Visa has held contactless microSD card trials with major banks in the United States, as well as those in Turkey and Australia and has certified several smartphones for use with the technology.

U.S.-based Bank of America has expanded its trial to about seven BlackBerry handsets and also supports MasterCard PayPass, in addition to Visa payWave, on the cards it hands out to customers in New York, San Francisco and Atlanta, along with Charlotte, N.C., and Dallas.

DeviceFidelity’s Jain considers the Bank of America project a commercial launch, although most would call it a trial since not all customers who apply for microSD are sent them. He said another major U.S. bank plans a “rollout” contactless microSD cards in the fourth quarter, though declined to elaborate. Akbank in Turkey has also expanded its microSD card project with Visa, said Jain.

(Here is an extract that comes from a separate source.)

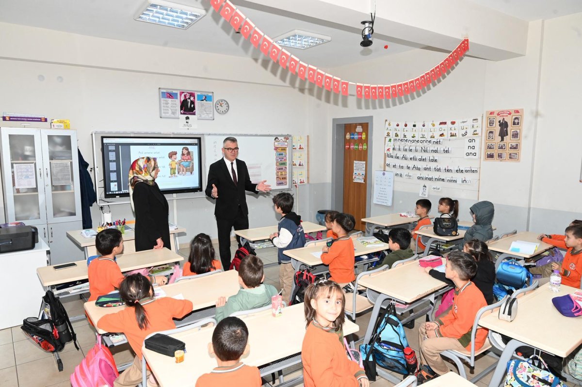 Başkan Ustaoğlu, daha sonra öğretmenler odasına gelen öğrencilerle birlikte öğretmenler gününü kutlarken, sınıflara giderek öğrencilerle birlikte ders dinledi.

Jain also declined to give the price of the microSDs, though said the cost for the contactless functionality and software on the cards would add less than $10 to the cost of a standard microSD card with the same memory. The vendor's cards come with low gigabyte sizes, however. And a version incorporating a full NFC chip, which could be used for tag reading in addition to payment has not yet been trialed.

ANZ bank in Australia, which launched a trial with Visa in March in Melbourne and Sydney among 50 employees, reportedly said in a statement it would “not be progressing with microSD as a contactless payment technology platform,” according to an article Monday in ZDNet. ANZ reportedly concluded that the microSDs didn't meet the bank's needs. The trial involved the iPhone.

Update: ANZ and Visa issued a statement Wednesday. While not mentioning the earlier reported statement by the bank that it would not pursue microSDs for mobile payment, the new statement said that nearly 90% of trial participants believed the pilot met or exceeded their expectations.

The statement said more than 90% of participants–which were made up of employees of the bank and Visa's Australia country office–liked the idea of making payments with their phones, whatever the technology. But it added that close to 80% of the participants said they would consider getting a Visa payWave-enabled MicroSD. 

But according to other reports, an ANZ spokesman said the bank is taking a “wait-and-see approach” to the technology, though it was not clear whether he was talking about microSD cards or contactless-mobile payment in general, including from full NFC phones. End update.  

DeviceFidelity’s Jain said he hadn't heard of dissatisfaction with the trial in Australia.

“We are confident that it’s not a problem with the technology; it’s not a problem with a solution,” he said. “We’re trying to find out what exactly is the reason for the conclusion.”